Segment Start: DATA FOR PROCESSING
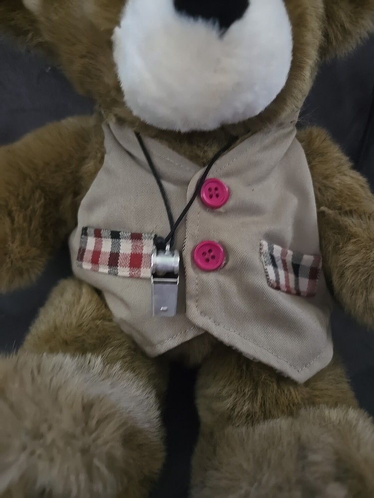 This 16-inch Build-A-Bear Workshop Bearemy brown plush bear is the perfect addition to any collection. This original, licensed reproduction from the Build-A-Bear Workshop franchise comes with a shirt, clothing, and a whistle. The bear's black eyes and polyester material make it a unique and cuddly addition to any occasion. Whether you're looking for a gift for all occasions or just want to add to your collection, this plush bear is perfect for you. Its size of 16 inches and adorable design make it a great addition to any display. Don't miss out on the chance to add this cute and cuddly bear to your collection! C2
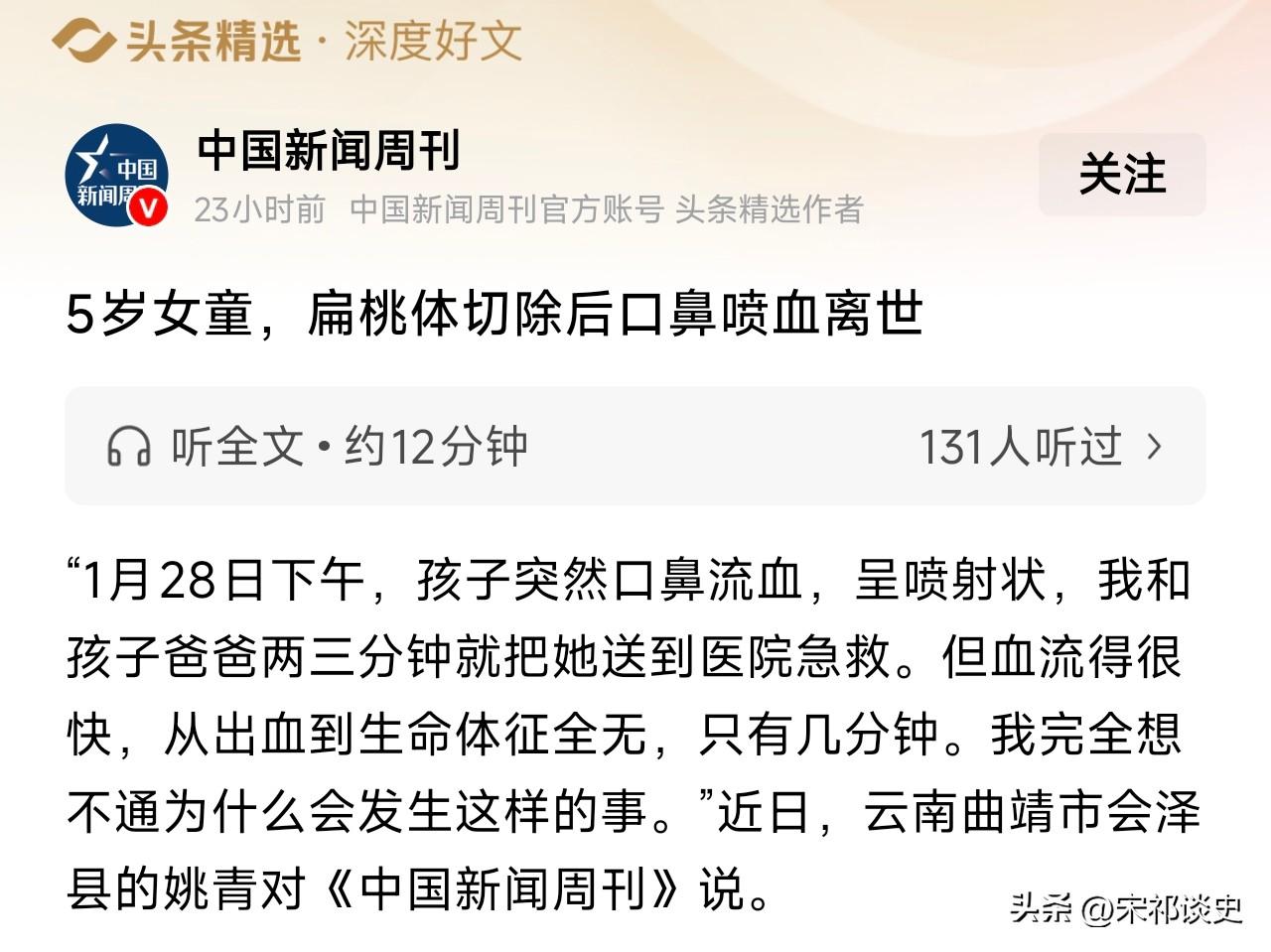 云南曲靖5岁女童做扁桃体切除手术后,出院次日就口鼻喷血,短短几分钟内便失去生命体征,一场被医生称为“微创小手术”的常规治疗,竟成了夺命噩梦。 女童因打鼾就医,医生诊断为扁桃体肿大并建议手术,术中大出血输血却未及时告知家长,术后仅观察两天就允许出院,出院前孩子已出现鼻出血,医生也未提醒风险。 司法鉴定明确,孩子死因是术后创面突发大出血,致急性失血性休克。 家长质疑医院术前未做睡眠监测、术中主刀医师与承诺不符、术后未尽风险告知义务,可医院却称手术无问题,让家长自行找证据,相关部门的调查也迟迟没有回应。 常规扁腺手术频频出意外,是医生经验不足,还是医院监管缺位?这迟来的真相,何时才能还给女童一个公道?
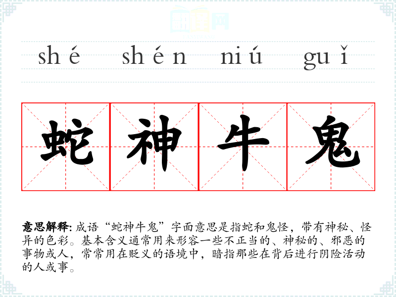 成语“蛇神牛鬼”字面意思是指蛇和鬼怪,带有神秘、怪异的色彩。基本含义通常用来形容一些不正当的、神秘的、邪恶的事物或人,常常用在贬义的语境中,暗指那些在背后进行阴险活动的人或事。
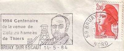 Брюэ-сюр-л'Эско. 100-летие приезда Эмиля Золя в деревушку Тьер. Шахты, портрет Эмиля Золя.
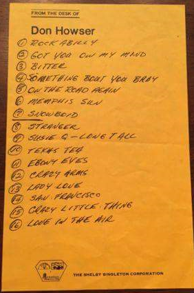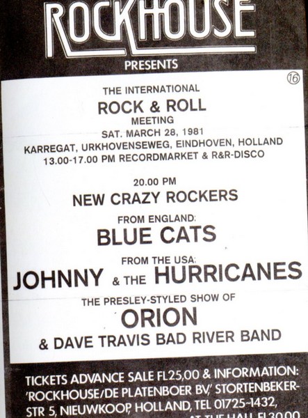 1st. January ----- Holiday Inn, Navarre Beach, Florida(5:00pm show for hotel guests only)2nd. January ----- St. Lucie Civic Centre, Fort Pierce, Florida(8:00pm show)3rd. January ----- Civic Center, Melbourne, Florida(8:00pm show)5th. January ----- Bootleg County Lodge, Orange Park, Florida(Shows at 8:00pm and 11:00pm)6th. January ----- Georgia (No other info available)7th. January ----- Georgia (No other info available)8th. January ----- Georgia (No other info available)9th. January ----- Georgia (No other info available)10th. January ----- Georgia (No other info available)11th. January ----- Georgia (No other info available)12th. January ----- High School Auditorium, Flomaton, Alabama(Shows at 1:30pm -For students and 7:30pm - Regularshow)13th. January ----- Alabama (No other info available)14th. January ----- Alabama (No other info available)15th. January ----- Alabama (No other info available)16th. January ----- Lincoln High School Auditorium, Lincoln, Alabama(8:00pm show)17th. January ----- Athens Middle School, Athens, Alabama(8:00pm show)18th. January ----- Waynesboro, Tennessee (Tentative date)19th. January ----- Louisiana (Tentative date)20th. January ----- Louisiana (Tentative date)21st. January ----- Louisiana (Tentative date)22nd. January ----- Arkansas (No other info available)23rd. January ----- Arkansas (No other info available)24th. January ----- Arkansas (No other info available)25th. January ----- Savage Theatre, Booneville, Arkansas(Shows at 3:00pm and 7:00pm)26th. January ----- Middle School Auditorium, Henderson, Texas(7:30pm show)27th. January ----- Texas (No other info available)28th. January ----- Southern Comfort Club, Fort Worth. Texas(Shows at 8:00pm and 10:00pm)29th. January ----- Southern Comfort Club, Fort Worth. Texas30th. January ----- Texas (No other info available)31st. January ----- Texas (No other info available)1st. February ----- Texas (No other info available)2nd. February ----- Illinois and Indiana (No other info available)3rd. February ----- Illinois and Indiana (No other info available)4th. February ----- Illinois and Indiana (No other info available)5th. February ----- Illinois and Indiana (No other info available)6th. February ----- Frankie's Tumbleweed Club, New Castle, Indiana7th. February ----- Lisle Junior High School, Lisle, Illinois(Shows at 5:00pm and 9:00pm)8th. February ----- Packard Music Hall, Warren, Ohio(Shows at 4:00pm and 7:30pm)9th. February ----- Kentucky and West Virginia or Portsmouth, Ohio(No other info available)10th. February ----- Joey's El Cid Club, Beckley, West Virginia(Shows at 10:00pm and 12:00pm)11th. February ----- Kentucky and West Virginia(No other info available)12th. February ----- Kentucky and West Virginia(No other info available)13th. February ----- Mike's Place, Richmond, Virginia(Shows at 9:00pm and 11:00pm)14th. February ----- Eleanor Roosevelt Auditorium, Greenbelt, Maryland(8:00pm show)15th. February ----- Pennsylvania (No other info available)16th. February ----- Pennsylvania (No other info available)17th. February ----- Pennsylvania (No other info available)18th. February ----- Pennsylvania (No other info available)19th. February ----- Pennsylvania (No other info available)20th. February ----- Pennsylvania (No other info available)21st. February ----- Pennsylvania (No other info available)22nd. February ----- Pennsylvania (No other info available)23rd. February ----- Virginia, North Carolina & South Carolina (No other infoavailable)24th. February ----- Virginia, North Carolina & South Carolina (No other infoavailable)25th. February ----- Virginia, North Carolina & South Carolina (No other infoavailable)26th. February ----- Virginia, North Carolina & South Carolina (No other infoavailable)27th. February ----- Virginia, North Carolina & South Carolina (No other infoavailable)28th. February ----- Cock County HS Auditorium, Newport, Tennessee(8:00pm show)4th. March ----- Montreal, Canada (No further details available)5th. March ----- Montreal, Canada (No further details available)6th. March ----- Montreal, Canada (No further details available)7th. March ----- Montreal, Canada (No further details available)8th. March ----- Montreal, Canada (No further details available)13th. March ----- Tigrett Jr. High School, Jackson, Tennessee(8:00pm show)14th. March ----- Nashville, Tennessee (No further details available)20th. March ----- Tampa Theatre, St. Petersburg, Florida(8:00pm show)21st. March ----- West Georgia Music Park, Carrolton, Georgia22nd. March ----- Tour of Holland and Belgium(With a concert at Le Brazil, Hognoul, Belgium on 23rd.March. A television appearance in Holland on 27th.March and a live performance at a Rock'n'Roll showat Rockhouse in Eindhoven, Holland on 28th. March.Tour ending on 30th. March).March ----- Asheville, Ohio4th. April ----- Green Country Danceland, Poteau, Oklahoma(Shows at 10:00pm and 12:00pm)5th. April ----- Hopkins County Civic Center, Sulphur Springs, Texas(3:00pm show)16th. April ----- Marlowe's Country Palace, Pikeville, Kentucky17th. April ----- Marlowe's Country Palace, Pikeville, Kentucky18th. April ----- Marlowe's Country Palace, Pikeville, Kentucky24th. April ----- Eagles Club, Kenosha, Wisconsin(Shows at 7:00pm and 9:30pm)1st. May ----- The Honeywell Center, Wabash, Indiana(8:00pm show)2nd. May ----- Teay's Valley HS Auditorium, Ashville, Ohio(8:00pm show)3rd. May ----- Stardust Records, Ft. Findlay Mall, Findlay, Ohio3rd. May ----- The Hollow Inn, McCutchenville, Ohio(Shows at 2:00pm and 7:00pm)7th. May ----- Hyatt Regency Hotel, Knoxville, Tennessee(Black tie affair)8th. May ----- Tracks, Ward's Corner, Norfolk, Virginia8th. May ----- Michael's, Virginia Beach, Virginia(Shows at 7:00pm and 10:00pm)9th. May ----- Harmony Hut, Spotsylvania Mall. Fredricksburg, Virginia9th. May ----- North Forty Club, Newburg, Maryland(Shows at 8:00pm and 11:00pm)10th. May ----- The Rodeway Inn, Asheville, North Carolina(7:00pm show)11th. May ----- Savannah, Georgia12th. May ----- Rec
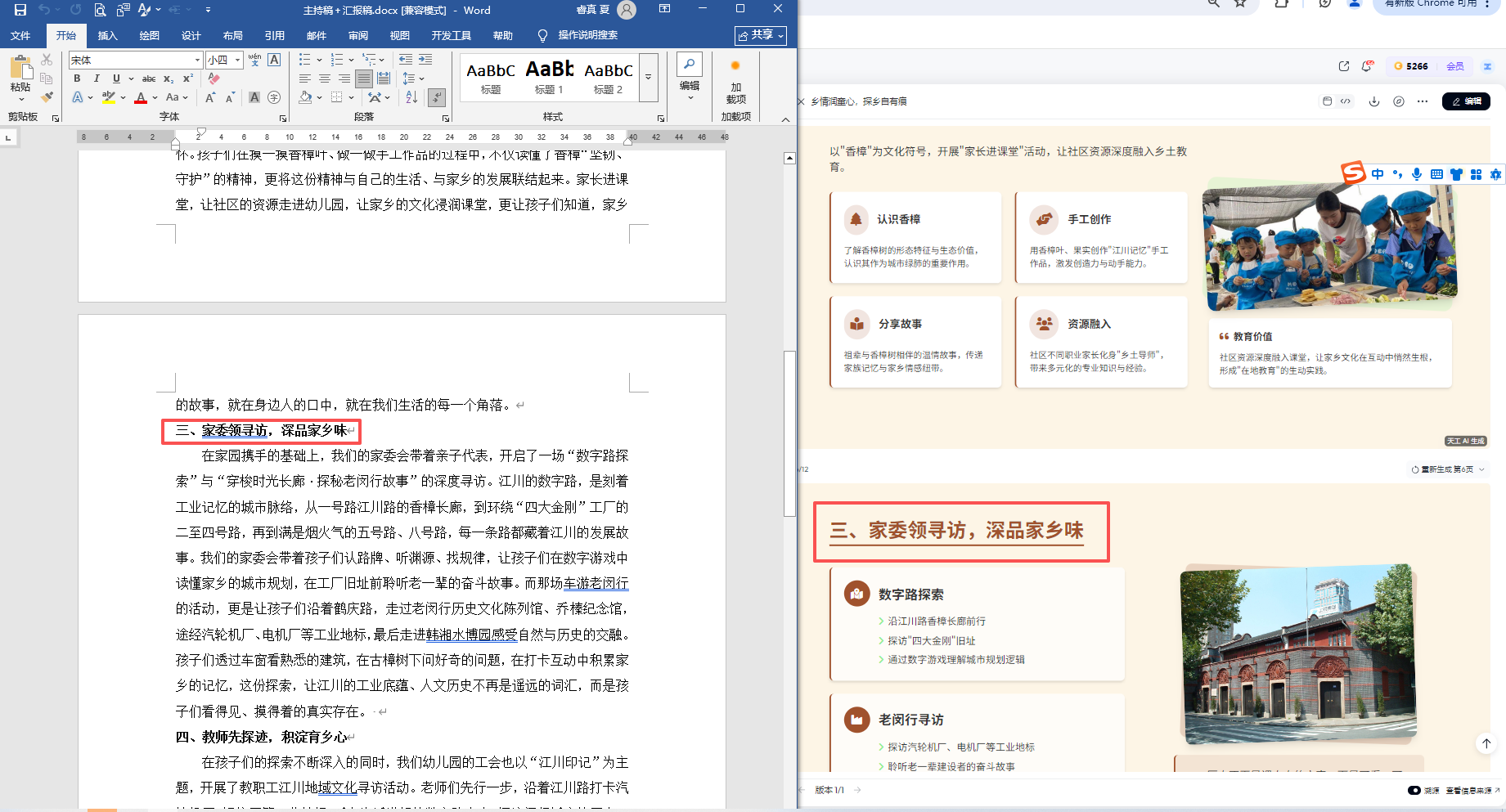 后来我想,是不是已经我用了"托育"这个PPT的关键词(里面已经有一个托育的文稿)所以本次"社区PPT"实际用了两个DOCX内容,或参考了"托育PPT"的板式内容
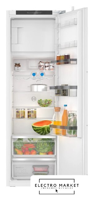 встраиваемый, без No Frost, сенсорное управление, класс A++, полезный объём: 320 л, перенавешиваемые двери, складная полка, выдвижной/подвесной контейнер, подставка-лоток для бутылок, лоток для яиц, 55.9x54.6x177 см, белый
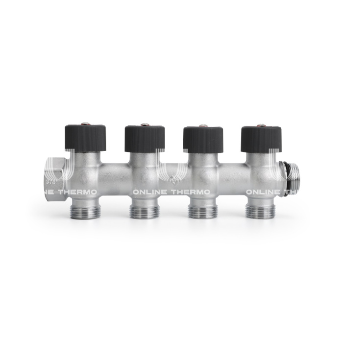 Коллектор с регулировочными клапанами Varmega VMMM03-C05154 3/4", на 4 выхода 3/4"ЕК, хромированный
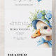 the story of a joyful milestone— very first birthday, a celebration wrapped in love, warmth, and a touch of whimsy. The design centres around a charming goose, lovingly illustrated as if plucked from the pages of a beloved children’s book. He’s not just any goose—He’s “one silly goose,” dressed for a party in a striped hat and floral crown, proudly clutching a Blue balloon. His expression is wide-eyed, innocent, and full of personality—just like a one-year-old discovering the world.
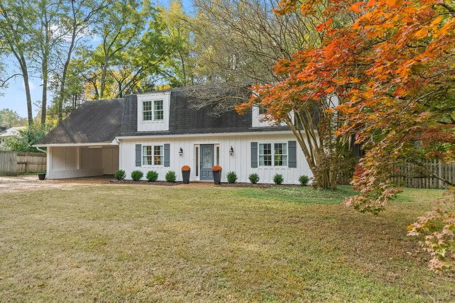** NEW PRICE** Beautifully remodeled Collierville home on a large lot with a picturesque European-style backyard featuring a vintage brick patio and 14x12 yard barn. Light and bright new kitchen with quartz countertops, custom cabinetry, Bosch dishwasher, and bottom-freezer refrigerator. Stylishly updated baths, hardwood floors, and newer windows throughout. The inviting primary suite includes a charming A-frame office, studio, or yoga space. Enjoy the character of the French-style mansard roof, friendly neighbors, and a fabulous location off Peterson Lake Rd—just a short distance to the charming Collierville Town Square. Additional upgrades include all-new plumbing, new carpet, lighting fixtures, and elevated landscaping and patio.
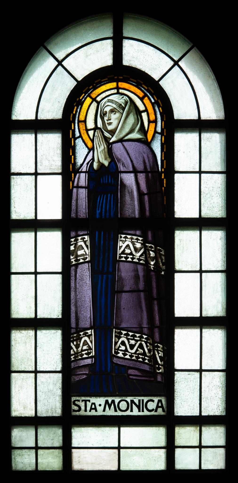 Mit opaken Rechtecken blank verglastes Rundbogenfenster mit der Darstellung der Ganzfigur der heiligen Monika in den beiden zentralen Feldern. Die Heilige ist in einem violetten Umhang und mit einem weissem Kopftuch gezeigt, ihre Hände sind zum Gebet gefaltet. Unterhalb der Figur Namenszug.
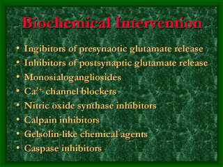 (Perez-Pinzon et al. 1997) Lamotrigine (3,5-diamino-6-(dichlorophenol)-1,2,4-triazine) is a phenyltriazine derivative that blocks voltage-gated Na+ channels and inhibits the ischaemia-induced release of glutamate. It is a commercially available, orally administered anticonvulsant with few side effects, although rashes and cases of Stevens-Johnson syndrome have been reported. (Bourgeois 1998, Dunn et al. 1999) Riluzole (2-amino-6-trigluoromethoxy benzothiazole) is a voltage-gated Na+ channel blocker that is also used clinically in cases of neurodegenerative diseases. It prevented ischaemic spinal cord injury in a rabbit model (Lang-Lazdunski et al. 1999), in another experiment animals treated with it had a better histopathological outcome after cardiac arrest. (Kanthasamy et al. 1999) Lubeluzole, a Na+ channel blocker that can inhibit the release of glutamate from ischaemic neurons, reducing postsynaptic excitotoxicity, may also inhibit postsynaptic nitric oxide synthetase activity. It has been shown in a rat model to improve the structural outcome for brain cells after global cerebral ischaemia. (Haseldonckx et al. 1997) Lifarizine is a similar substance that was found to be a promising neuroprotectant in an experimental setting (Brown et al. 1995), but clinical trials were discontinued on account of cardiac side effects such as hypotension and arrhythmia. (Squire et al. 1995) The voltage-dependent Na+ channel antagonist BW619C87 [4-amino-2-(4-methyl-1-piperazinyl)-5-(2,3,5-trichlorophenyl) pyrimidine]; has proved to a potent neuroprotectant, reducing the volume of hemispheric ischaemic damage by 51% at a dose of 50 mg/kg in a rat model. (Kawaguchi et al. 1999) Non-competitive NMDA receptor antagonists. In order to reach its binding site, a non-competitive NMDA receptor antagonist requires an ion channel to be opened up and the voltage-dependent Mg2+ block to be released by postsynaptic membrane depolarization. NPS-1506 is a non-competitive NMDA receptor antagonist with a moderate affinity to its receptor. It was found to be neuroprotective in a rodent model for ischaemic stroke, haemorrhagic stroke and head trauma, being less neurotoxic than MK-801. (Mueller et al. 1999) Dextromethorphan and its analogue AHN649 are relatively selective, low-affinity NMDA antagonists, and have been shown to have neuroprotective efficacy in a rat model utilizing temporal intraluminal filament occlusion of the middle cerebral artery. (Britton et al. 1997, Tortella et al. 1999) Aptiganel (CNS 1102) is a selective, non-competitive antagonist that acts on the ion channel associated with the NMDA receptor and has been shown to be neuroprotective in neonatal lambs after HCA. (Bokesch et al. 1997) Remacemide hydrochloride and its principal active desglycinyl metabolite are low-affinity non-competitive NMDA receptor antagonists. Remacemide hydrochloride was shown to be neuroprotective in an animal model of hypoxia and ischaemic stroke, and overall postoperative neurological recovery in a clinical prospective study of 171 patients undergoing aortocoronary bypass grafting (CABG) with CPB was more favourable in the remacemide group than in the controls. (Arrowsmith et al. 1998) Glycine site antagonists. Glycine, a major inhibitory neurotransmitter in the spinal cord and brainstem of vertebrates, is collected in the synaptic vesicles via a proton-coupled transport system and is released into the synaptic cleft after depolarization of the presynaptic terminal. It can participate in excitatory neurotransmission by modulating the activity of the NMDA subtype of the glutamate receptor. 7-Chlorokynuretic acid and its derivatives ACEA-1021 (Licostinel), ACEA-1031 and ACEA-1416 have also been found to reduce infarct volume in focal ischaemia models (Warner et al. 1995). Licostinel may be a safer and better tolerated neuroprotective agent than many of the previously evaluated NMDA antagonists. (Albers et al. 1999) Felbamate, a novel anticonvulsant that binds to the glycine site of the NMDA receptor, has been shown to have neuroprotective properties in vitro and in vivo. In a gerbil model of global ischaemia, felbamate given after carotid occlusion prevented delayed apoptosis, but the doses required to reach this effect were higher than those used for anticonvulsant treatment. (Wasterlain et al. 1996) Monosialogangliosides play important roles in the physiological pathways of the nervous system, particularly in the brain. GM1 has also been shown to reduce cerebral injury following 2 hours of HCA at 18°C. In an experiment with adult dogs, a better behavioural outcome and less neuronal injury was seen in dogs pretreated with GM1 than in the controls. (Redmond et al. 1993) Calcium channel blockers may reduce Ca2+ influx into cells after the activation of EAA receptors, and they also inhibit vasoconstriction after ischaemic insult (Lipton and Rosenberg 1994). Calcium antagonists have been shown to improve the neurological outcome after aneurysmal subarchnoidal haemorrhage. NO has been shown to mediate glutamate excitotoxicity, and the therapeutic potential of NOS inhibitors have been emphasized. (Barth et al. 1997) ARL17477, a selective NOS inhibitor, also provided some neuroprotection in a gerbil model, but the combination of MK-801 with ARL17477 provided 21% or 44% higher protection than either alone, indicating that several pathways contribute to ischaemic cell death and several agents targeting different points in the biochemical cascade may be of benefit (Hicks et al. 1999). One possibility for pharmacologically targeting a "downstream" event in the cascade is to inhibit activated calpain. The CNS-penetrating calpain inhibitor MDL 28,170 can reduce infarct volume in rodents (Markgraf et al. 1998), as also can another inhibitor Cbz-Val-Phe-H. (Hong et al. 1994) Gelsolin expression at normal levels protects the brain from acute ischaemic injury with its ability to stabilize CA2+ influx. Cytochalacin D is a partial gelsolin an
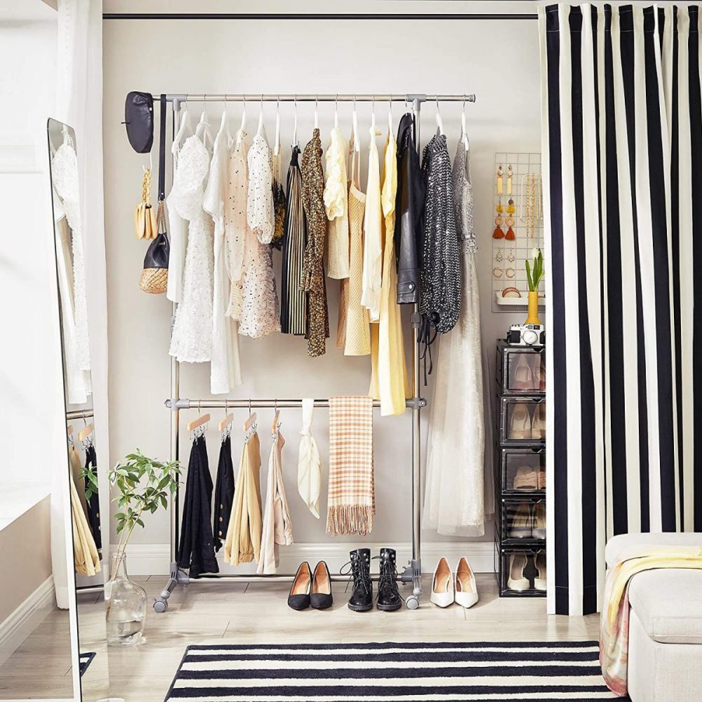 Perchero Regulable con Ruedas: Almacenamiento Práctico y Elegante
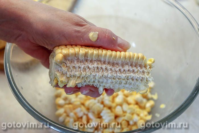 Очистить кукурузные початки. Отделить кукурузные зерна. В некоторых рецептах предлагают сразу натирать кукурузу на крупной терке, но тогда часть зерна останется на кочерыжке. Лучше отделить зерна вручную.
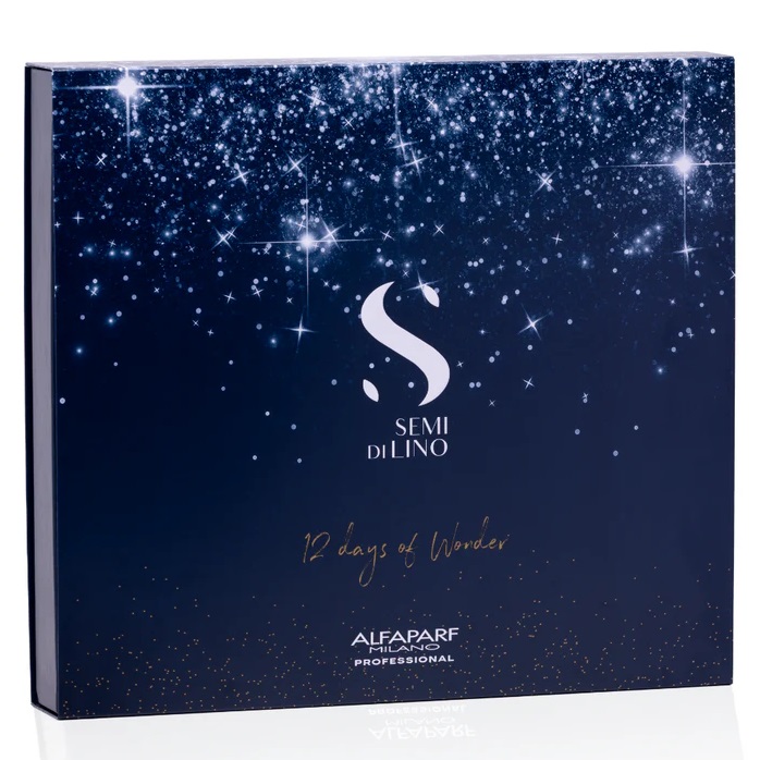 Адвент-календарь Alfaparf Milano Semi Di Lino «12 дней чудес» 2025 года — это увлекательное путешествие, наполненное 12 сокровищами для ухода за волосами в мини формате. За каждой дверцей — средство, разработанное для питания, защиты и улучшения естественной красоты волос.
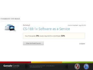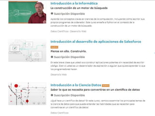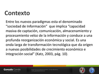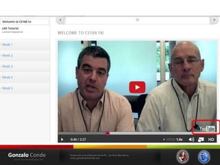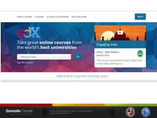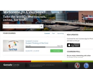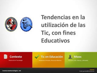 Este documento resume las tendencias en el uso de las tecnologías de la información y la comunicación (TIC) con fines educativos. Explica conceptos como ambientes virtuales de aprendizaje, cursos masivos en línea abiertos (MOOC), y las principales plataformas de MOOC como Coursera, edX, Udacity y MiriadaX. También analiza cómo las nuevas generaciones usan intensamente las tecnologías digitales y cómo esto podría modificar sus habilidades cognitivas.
Segment End: DATA FOR PROCESSING
AIM OF THE EXERCISE —
Your task is to set down exactly the lines that run from the line holding "Очистить кукурузные початки." through the close of the entries, including both ends. Pictures stay out.

EXPECTED ANSWER —
 Очистить кукурузные початки. Отделить кукурузные зерна. В некоторых рецептах предлагают сразу натирать кукурузу на крупной терке, но тогда часть зерна останется на кочерыжке. Лучше отделить зерна вручную.
 Адвент-календарь Alfaparf Milano Semi Di Lino «12 дней чудес» 2025 года — это увлекательное путешествие, наполненное 12 сокровищами для ухода за волосами в мини формате. За каждой дверцей — средство, разработанное для питания, защиты и улучшения естественной красоты волос.
 Este documento resume las tendencias en el uso de las tecnologías de la información y la comunicación (TIC) con fines educativos. Explica conceptos como ambientes virtuales de aprendizaje, cursos masivos en línea abiertos (MOOC), y las principales plataformas de MOOC como Coursera, edX, Udacity y MiriadaX. También analiza cómo las nuevas generaciones usan intensamente las tecnologías digitales y cómo esto podría modificar sus habilidades cognitivas.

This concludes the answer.